▶ _Task prompt_
Nothing but the lines from the one with "De acordo com" through the last line of the entries below should appear in the copy, please, and no pictures.

(Exercise inputs begins)

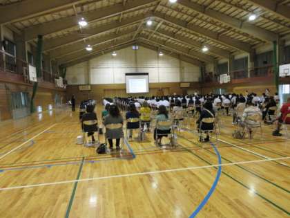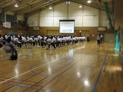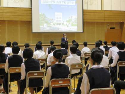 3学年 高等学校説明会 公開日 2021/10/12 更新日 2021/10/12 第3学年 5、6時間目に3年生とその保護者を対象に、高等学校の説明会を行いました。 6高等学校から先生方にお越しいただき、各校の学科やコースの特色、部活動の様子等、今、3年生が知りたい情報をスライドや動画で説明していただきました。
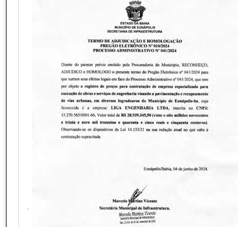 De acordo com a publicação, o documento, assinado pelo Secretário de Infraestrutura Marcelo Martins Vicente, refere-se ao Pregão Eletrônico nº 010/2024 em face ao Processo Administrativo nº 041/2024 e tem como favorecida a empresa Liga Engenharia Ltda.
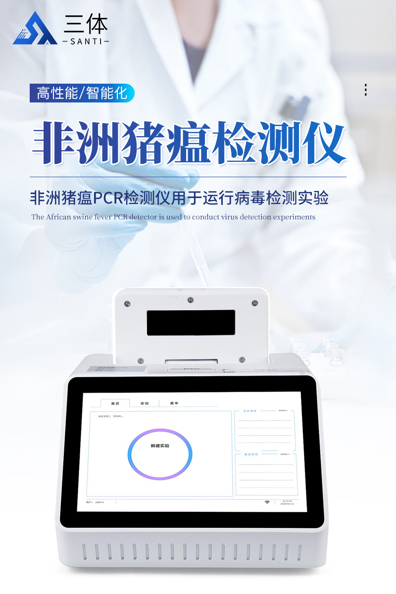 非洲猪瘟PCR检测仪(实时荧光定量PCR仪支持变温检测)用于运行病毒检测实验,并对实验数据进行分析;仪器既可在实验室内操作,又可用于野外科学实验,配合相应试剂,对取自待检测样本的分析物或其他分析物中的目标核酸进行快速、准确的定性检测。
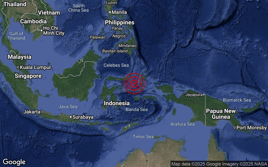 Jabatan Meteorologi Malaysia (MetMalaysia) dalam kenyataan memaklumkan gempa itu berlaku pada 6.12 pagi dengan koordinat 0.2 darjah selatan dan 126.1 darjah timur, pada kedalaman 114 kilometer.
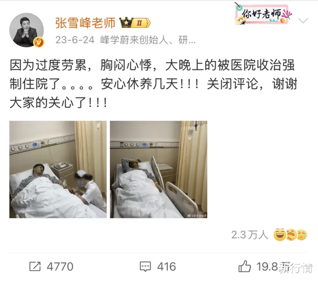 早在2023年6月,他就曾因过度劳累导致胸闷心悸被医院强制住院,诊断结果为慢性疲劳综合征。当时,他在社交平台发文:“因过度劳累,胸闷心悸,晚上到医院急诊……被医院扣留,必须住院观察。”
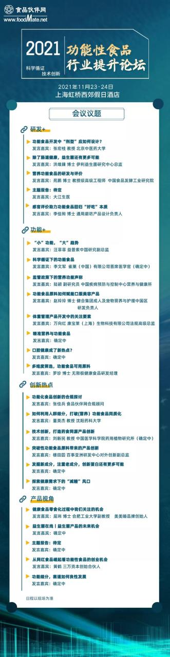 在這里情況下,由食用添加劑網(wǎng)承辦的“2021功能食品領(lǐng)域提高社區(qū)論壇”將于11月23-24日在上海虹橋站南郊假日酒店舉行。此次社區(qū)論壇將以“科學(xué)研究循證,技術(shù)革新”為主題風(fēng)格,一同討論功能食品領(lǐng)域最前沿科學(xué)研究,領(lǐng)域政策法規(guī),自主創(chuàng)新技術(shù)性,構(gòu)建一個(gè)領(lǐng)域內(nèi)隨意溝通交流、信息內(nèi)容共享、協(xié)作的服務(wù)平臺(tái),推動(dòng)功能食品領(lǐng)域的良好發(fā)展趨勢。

(Exercise inputs ends)

▶ _Written answer_
 De acordo com a publicação, o documento, assinado pelo Secretário de Infraestrutura Marcelo Martins Vicente, refere-se ao Pregão Eletrônico nº 010/2024 em face ao Processo Administrativo nº 041/2024 e tem como favorecida a empresa Liga Engenharia Ltda.
 非洲猪瘟PCR检测仪(实时荧光定量PCR仪支持变温检测)用于运行病毒检测实验,并对实验数据进行分析;仪器既可在实验室内操作,又可用于野外科学实验,配合相应试剂,对取自待检测样本的分析物或其他分析物中的目标核酸进行快速、准确的定性检测。
 Jabatan Meteorologi Malaysia (MetMalaysia) dalam kenyataan memaklumkan gempa itu berlaku pada 6.12 pagi dengan koordinat 0.2 darjah selatan dan 126.1 darjah timur, pada kedalaman 114 kilometer.
 早在2023年6月,他就曾因过度劳累导致胸闷心悸被医院强制住院,诊断结果为慢性疲劳综合征。当时,他在社交平台发文:“因过度劳累,胸闷心悸,晚上到医院急诊……被医院扣留,必须住院观察。”
 在這里情況下,由食用添加劑網(wǎng)承辦的“2021功能食品領(lǐng)域提高社區(qū)論壇”將于11月23-24日在上海虹橋站南郊假日酒店舉行。此次社區(qū)論壇將以“科學(xué)研究循證,技術(shù)革新”為主題風(fēng)格,一同討論功能食品領(lǐng)域最前沿科學(xué)研究,領(lǐng)域政策法規(guī),自主創(chuàng)新技術(shù)性,構(gòu)建一個(gè)領(lǐng)域內(nèi)隨意溝通交流、信息內(nèi)容共享、協(xié)作的服務(wù)平臺(tái),推動(dòng)功能食品領(lǐng)域的良好發(fā)展趨勢。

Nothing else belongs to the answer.